#### Collected material

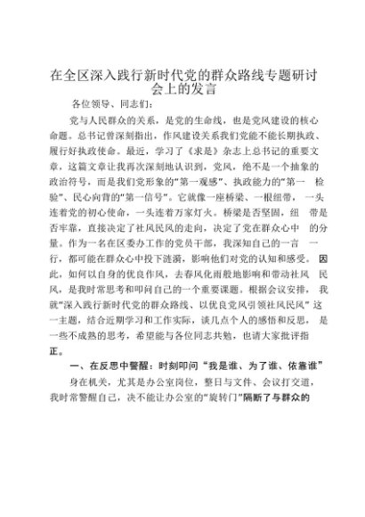 【七哥公文】2025年:在全区深入践行新时代党的群众路线专题研讨会上的发言_20250917_192233+更多免费公文+VX:QiGeGongWen2024
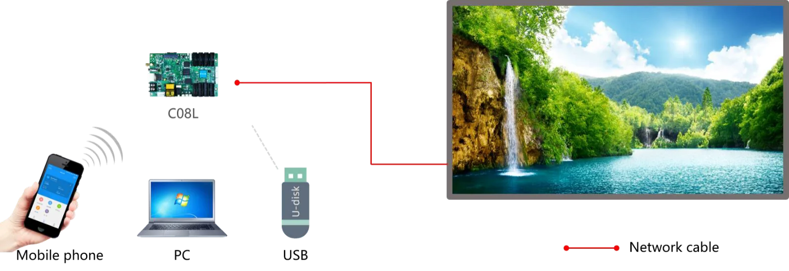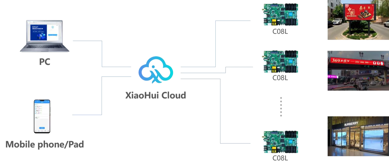 C08L viene de serie con Wi-Fi y admite aplicación móvil - control inalámbrico "LedArt";Admite acceso a la plataforma "XiaoHui Cloud" para realizar fácilmente la gestión remota de clúster en Internet;Admite interfaz USB para actualizar programas;Admite varios sensores externos de monitoreo ambiental, logrando una visualización en tiempo real de los datos de monitoreo ambiental;C08L se usa ampliamente en pantallas comerciales inteligentes y campos de ciudades inteligentes, como pantallas de postes de luz, pantallas de puertas, pantallas de vehículos y otros campos de publicidad y visualización.
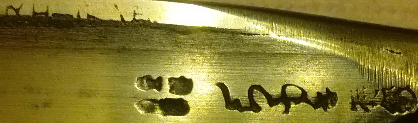 Третья : つらゆき- Tsurayuki Вторая: Клеймо сильно затёрто, сложно разобрать.. В середине пара иерогов 小林-Кобаяси. Скорее всего фамилия мастера. 小林-Кобаяси-распространённая фамилия. . Два иерога 小-Ко-"маленький", 林-Хаяси(Баяси)-"лес". В китайском языке эти иероги читаются как "Шаолинь". Запямотавал слегка .. "Шаолинь" немного не так пишется, 少林. Но тож похоже Челябинские мужики настолько суровы, что правят бритву не на ремне, а на роже.
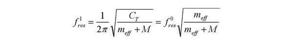 加載一個(gè)質(zhì)量為M負(fù)載到陶瓷,此系統(tǒng)的諧振頻率可以用下式表示:

#### Your goal
From the line with "Третья : つらゆき- Tsurayuki" to the last line above, restate each line word for word, but skip the pictures.

#### Answer space
 Третья : つらゆき- Tsurayuki Вторая: Клеймо сильно затёрто, сложно разобрать.. В середине пара иерогов 小林-Кобаяси. Скорее всего фамилия мастера. 小林-Кобаяси-распространённая фамилия. . Два иерога 小-Ко-"маленький", 林-Хаяси(Баяси)-"лес". В китайском языке эти иероги читаются как "Шаолинь". Запямотавал слегка .. "Шаолинь" немного не так пишется, 少林. Но тож похоже Челябинские мужики настолько суровы, что правят бритву не на ремне, а на роже.
 加載一個(gè)質(zhì)量為M負(fù)載到陶瓷,此系統(tǒng)的諧振頻率可以用下式表示:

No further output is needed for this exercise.